I'm sure this topic has been posted to death but if anyone can help out it would be appreciated.

I'm building a magnetic stirrer and just put together this dick smith speed controller 

http://www.dse.com.au/cgi-bin/dse.storefro...duct/View/K3070

and am trying to run this fan from it:

http://www.dse.com.au/cgi-bin/dse.storefro...duct/View/Y8498

The fan rocks backward and forward but does not spin. I'm pretty sure the circuit is fine and the fan power source and fan are fine. Is there something i'm missing???


----------



## gros21 (23/1/09)

check polarity eg + is connect to the right sid eof teh board.

Also can u spin it by hand to 'jump start' it if so i dare say volts to low to run it. 
even if u can't jump start it volts may be low what teh reading from case modding back ground

7v is need to start it spinning and 5v will keep it running


----------



## Smashin (23/1/09)

Cheers gros21,

tried jump starting, no go. Tried high, mid anfd low speed.
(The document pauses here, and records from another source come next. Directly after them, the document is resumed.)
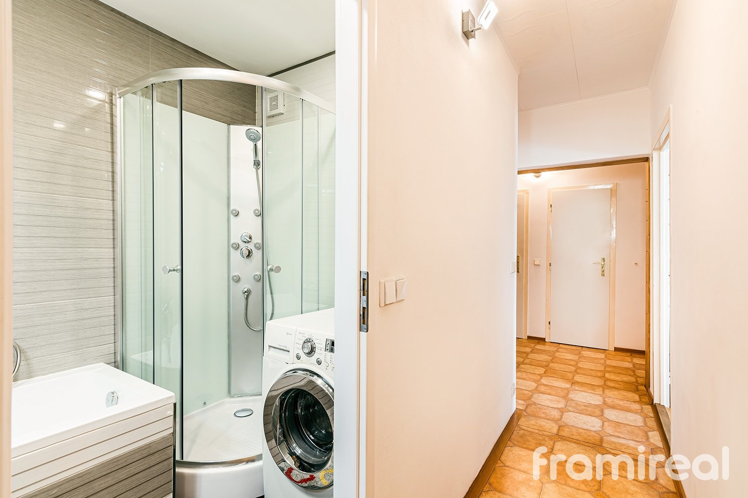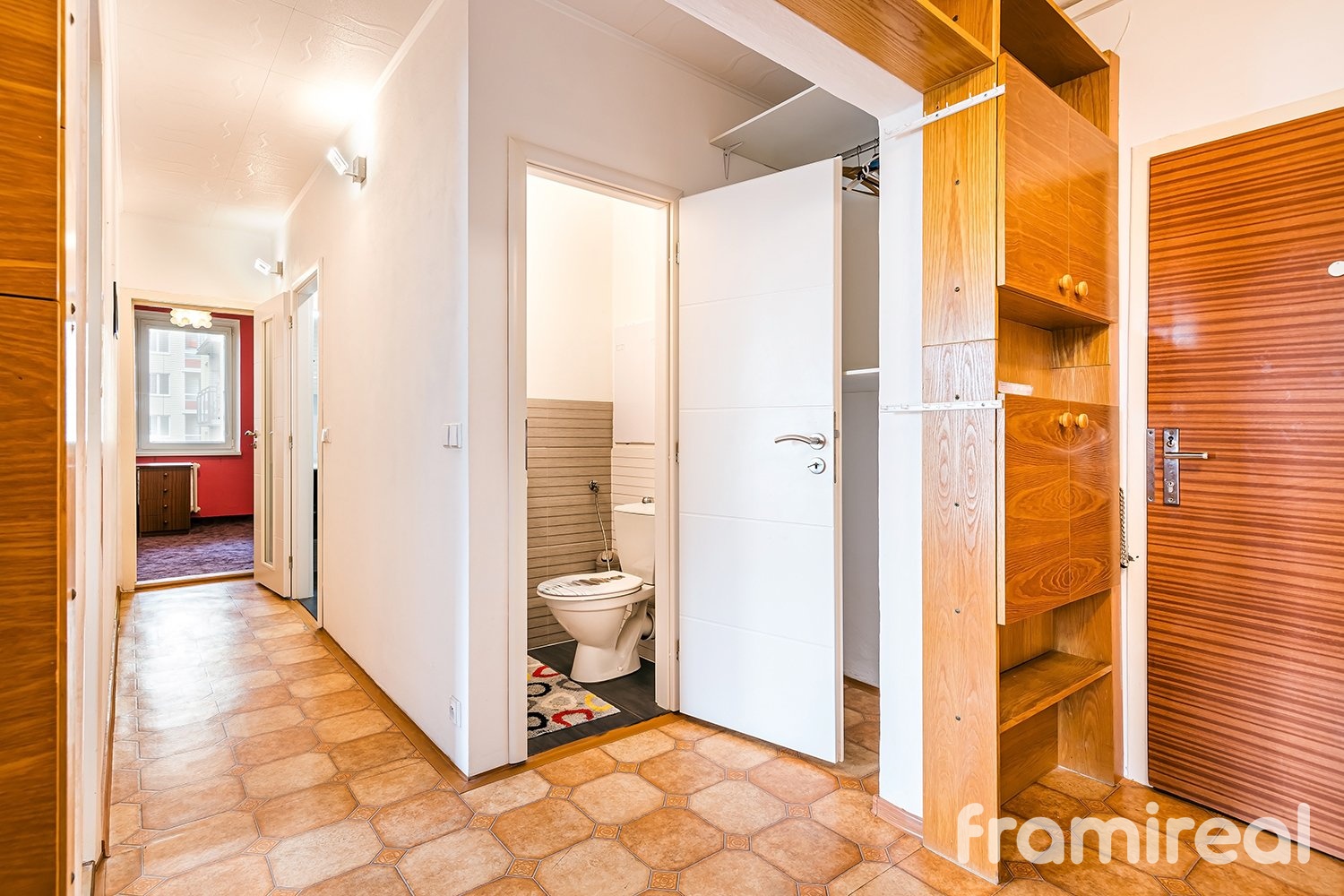 Z ní je přístup do dvou komor, do zrekonstruované kuchyně vybavené moderními spotřebiči, do zrekonstruované koupelny s vanou i sprchovým koutem, do obývacího pokoje a do samostatné ložnice.
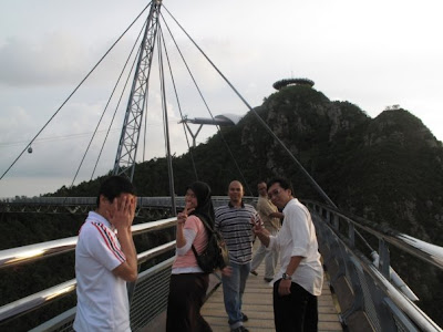 We arrive in Langkawi around 4.30pm after 1hour 30min uncomfortable boat ride from Kuala Kedah. We go straight to Langkawi cable car by a van that we rented. Our driver for the day is Gamat...crazy little engineer from Segamat. The Oriental Village in the upper northwest of Langkawi Island, near Kok beach, is the entrance for the cable-car ride, which takes visitors all the way up to Mount Mat Cincang, Langkawi’s second highest peak. Malaysian only pay RM15 while non-malaysian Rm30 which worth every penny. After the cable car started to ascend i can feel my heart racing(like before riding a roller coaster). Its crazily high and very steep. If wind blow, we can feel the cabin rawking gently with it. On the very top stations, we can enjoy 360 degree view of the legendary island. My favourite part of it is the skyline bridge...a bridge suspension between 2 mountains. We enjoy our first Langkawi's sunset at the very tip of Mat Cincang..indeed beautiful and breathtaking! After the cable car, we check in at Sri Kijang Resort at Chenang Beach. Its a 4/5 star resort under Bank Negara Malaysia. Thanks to Syaza's sisters for the opportunity to stay a night there.
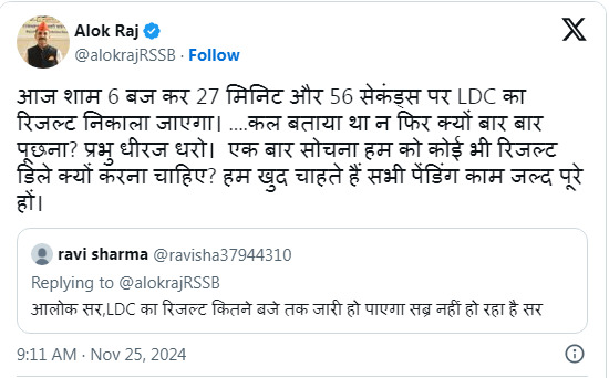 Alok Raj, Chairman of RSMSSB, had earlier announced on his X handle that the result will be released on November 25 at 6:27:56 pm. Refer to the official post below.
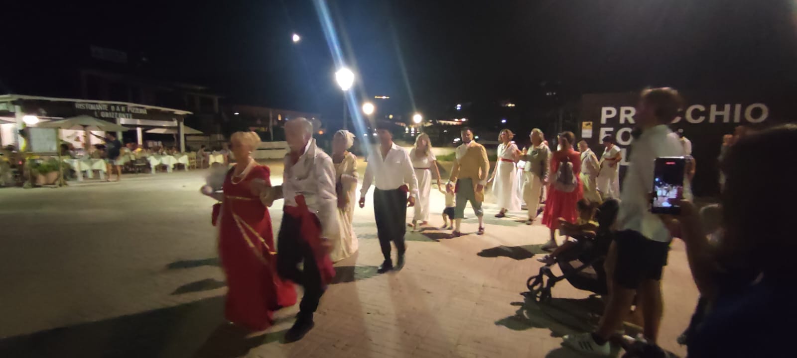 Attraverso il puntuale commento storico della Isabella Zolfino, effettuato in tutti i luoghi dove sarebbe stato in transito il lungo corteo, il pubblico ha potuto contestualmente vedere delle scene da teatro di strada e conoscere meglio i singoli personaggi e gli eventi che si manifestarono all’isola d’Elba nel 1814.
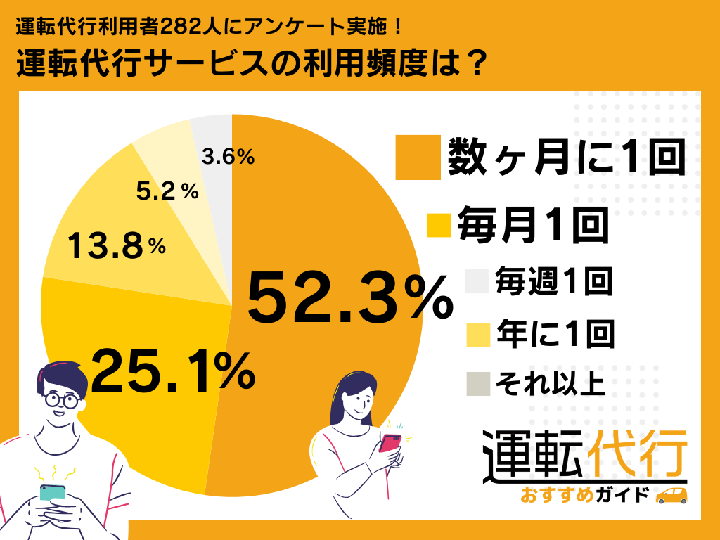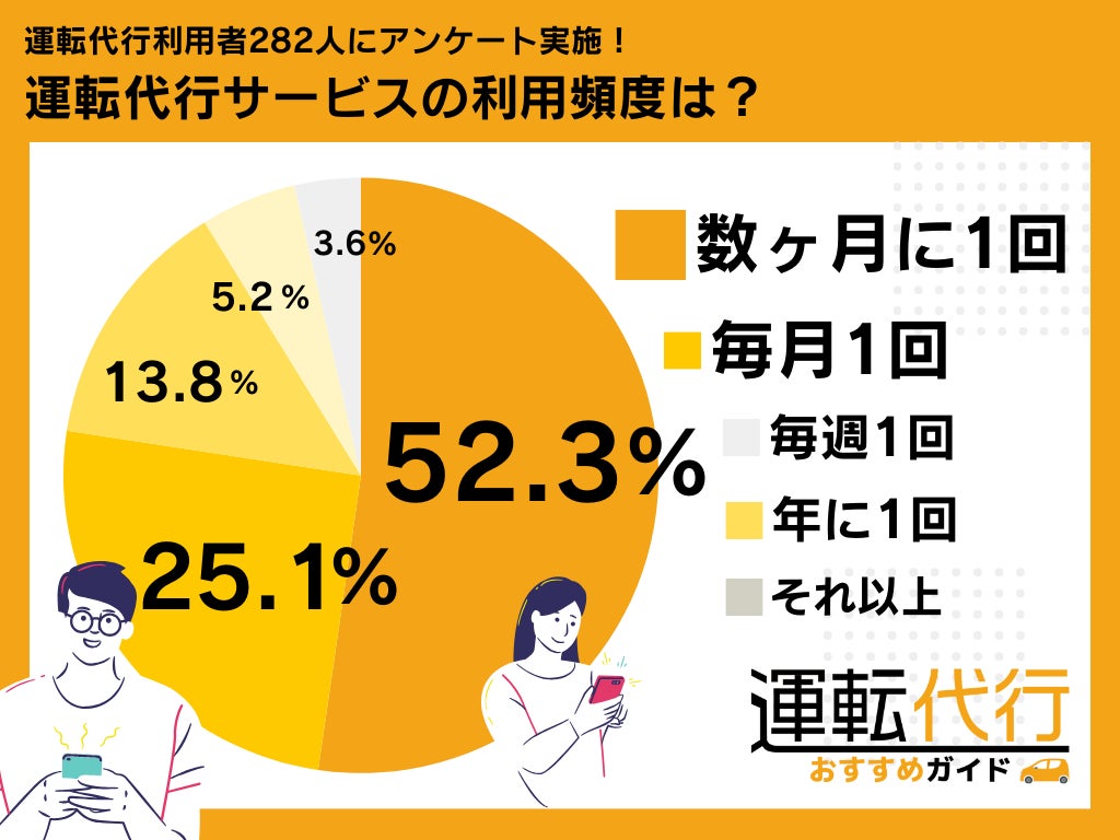 運転代行合同会社(本社:東京都中央区銀座一丁目12番4号、代表取締役:小林尚貴)が運営する運転代行ポータルサイト「運転代行おすすめガイド」は、運転代行利用者282人を対象に、運転代行業者の利用頻度とその満足度について調査・分析いたしました。
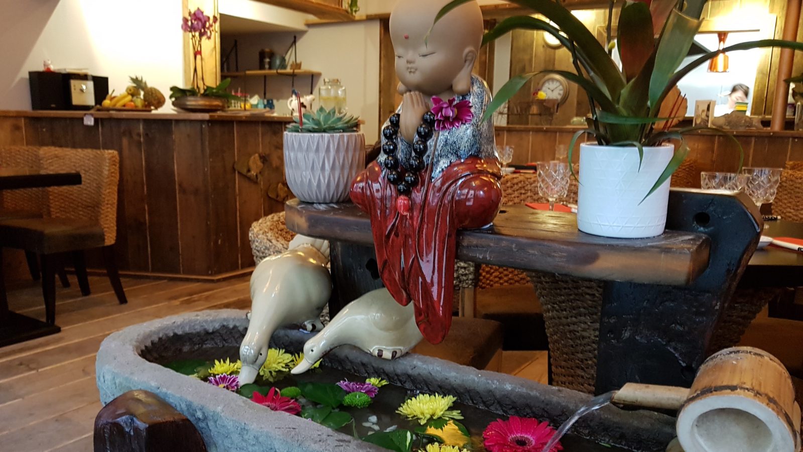 A vibrant water feature greets diners at the door, its relaxed trickle audible throughout the restaurant, where a sweet scent hangs in the air, plants and paintings adorn the walls, lanterns cast a warm glow and melodious music plays overhead.
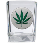 This 1.5 ounce square shot glass is highlighted with a fine pewter casting. Made in USA.
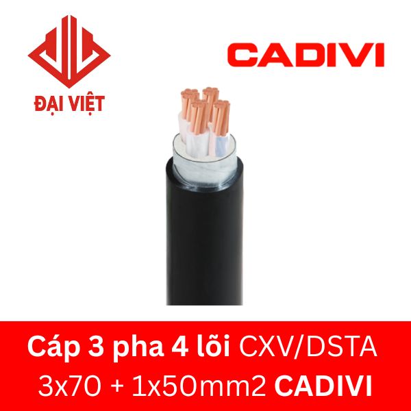 Cáp 3 pha 4 lõi CXV/DSTA 3×70 + 1x50mm2 CADIVI 0,6/1KV hay cáp CXV/DSTA 3×70 + 1x50mm2 CADIVI 0,6/1KV, cáp 3 pha 1 trung tínhCXV/DSTA 3×70 + 1x50mm2 CADIVI 0,6/1KV,… là loại cáp điện lực 3 pha 4 lõi ngầm hạ thế, tiết diện 70mm2 (3 pha 70mm2, 1 trung tính 50mm2), ruột đồng, cách điện XLPE, giáp băng kim loại, vỏ PVC.
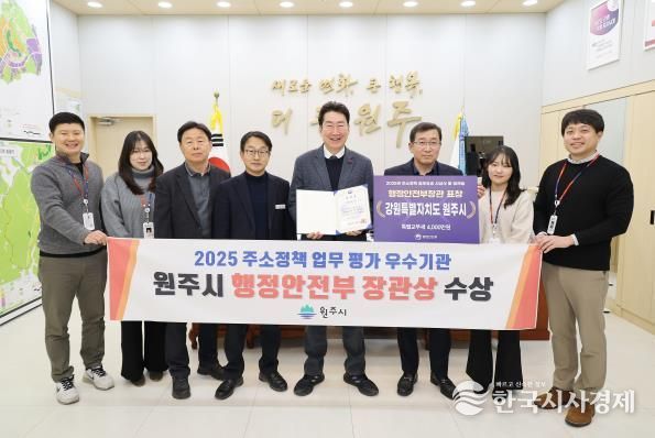 한국시사경제 권충언 기자 | 원주시는 최근 행정안전부가 주관한 ‘2025 주소정책 성과 공유 워크숍’에서 주소정책 업무 평가 우수 기관으로 선정돼, 행정안전부장관 표창을 수상하고 특별교부세 4천만 원을 확보했다.

Polarity - tried supply in both ways.

Output voltage = 10.7v

If i hock supply straight to fan all is ok.

Bit miffed on this one.

Does a certain type of dc motor need to be used???


----------



## Simon W (23/1/09)

The motors used in the fans are a single-phase brushless DC type. They work by pulsing the current on and off. They also have a Hall-effect sensor for determining where the rotor's position is to supply the next pulse, so they need a steady DC supply to operate.
Your speed controler is meant to be used with brushed DC motors (or lights). It works by pulsing the current to the motor to control the average power available to the motor.
It's likely that this doubling-up of pulses is causing your drama's.


----------



## schooey (23/1/09)

search "tight arse" and there's a war and peace effort on how to do it....

*counts down til LethalCorpse hits the thread*


----------



## Smashin (23/1/09)

Simon W said:


> The motors used in the fans are a single-phase brushless DC type. They work by pulsing the current on and off. They also have a Hall-effect sensor for determining where the rotor's position is to supply the next pulse, so they need a steady DC supply to operate.
> Your speed controler is meant to be used with brushed DC motors (or lights). It works by pulsing the current to the motor to control the average power available to the motor.
> It's likely that this doubling-up of pulses is causing your drama's.



Many thanks Simon, a nice clear logical answer off to the shops for brushed motor tomorrow. Can drink in piece now, may than ks all...


----------